**Supplied data**
· · · ·
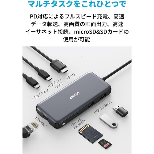 PowerExpand 8−in−1 USB−C PD 10Gbps データ ハブ グレー
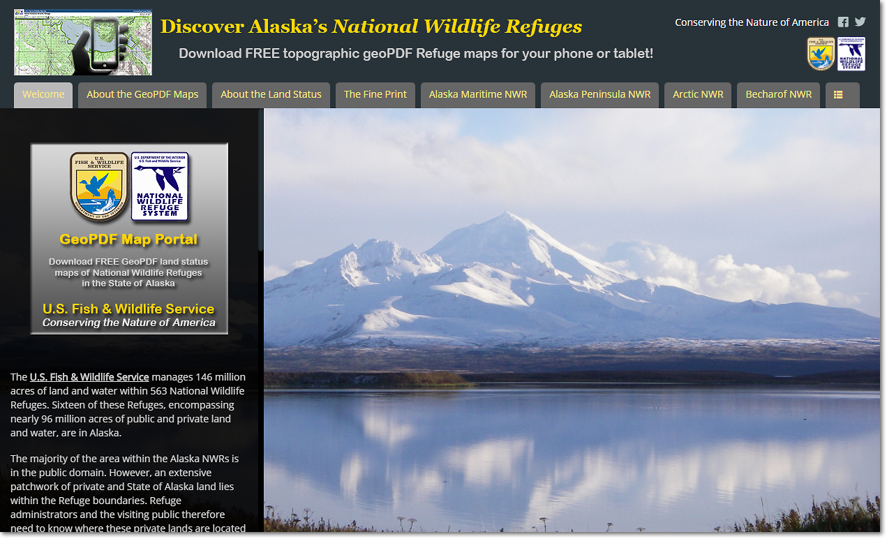 The USFWS Region 7 GeoPDF Map Portal is the primary source for free, downloadable geoPDF land status maps for the National Wildlife Refuges* within the State of Alaska. Maps are available at two scales: 1:30,000 and 1:250,000. The 1:250,000 scale maps are updated quarterly on January 1, April 1, July 1, and October 1. The 1:30,000 scale maps are updated annually, during the first half of January.
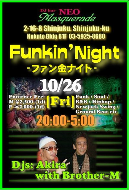 お馴染みになりつつある新宿2丁目ネオマスの黒い金曜Black Fridayですが、 8月4週からは「黒金」から「ファン金」へと看板を架け替えまして、よりドス黒 くFunkyな空間を目指してやっております! 8月・9月のGuest Djには、ファンラジ やファンクアタックでお馴染みのDj Terry Ohno兄をお迎えしてお送り致しました☆ 10月4週目のGuest Djは、ナバーナや六本木Classics等でお馴染みDj AKIRA氏 が登場!Brother-Mとのジョイントで真っ黒な夜にします☆ 是非ぜひ遊びに 来てくださ〜ぃ!ちなみにAKIRA氏とBro-Mは業界で一
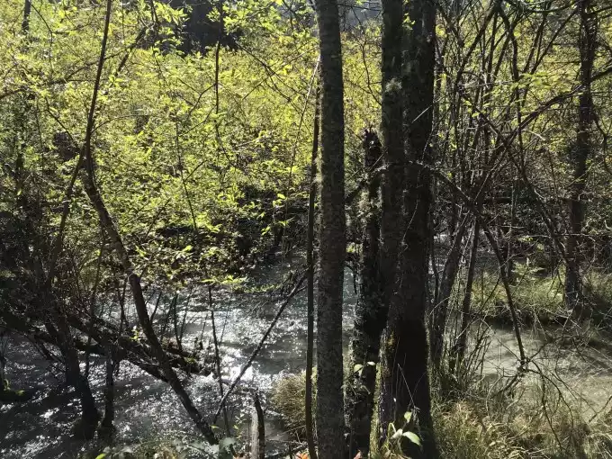 Continue walking and come to the Moon Reflection Pool. The gurgling spring flows down and diverts into a thin "mask" of water on the wider tidal flats, rushing down through the low trees.
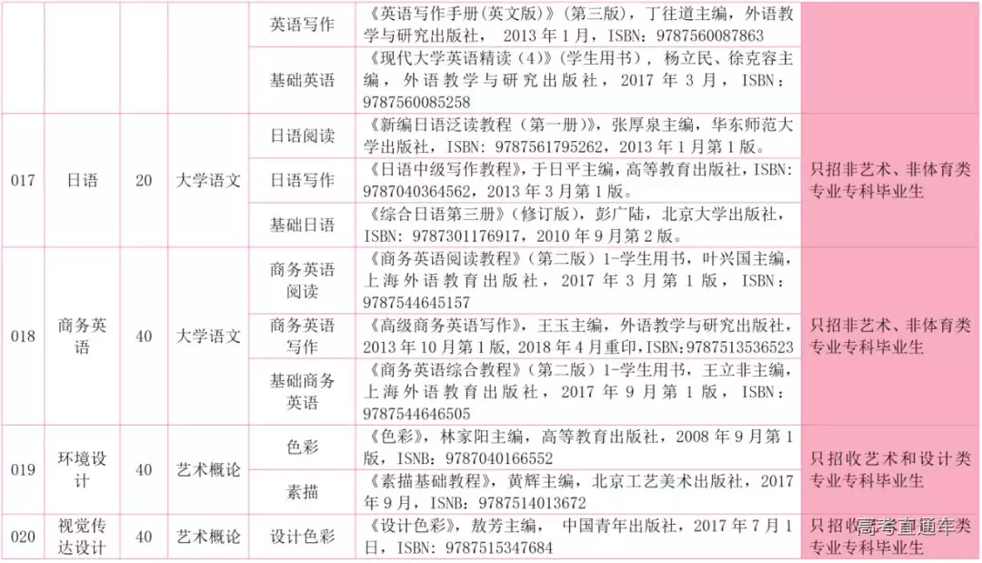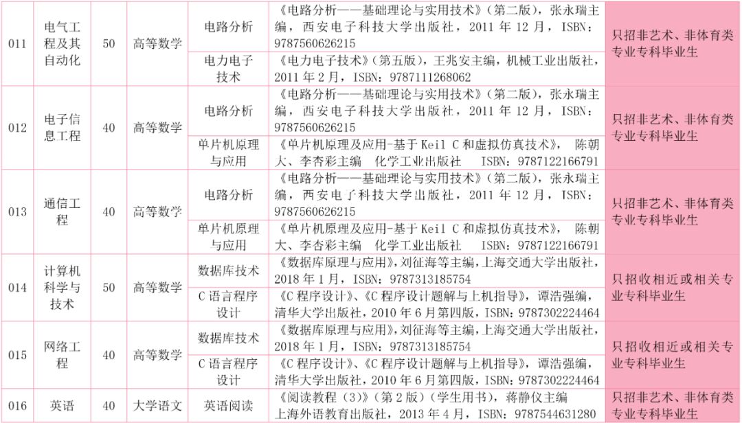 除英语、日语、商务英语以外的所有专业考试科目为五门,其中省统一考试三门,我校自主考试两门专业课。省统一考试的三门为政治理论、英语和专业基础课(详见专业目录)。
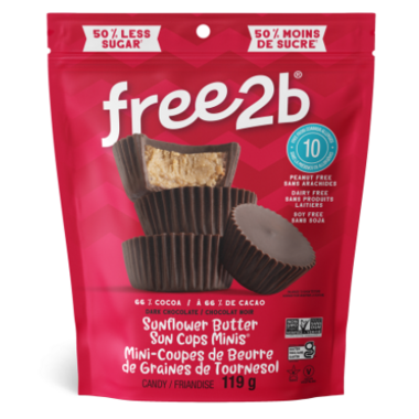 free2b Dark Chocolate Sunflower Butter Mini Cups made nut free, dairy free, and soy free!
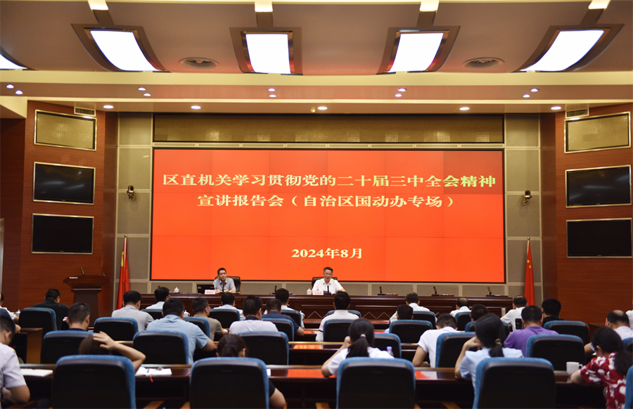 8月23日,區(qū)直機關宣講團學習貫徹黨的二十屆三中全會精神宣講報告會(自治區(qū)國動辦專場)舉行,自治區(qū)黨委講師團特聘教授(專家)、中共廣西區(qū)委黨校教授陶建平作主題宣講報告。自治區(qū)國動辦黨組成員、副主任夏振林主持會議。
· · · ·
**What you need to do**
Every line from the one containing "除英语、日语、商务英语以外的" through the last line of the records is to be reproduced exactly, with pictures left out and nothing else given.

**Your solution**
 除英语、日语、商务英语以外的所有专业考试科目为五门,其中省统一考试三门,我校自主考试两门专业课。省统一考试的三门为政治理论、英语和专业基础课(详见专业目录)。
 free2b Dark Chocolate Sunflower Butter Mini Cups made nut free, dairy free, and soy free!
 8月23日,區(qū)直機關宣講團學習貫徹黨的二十屆三中全會精神宣講報告會(自治區(qū)國動辦專場)舉行,自治區(qū)黨委講師團特聘教授(專家)、中共廣西區(qū)委黨校教授陶建平作主題宣講報告。自治區(qū)國動辦黨組成員、副主任夏振林主持會議。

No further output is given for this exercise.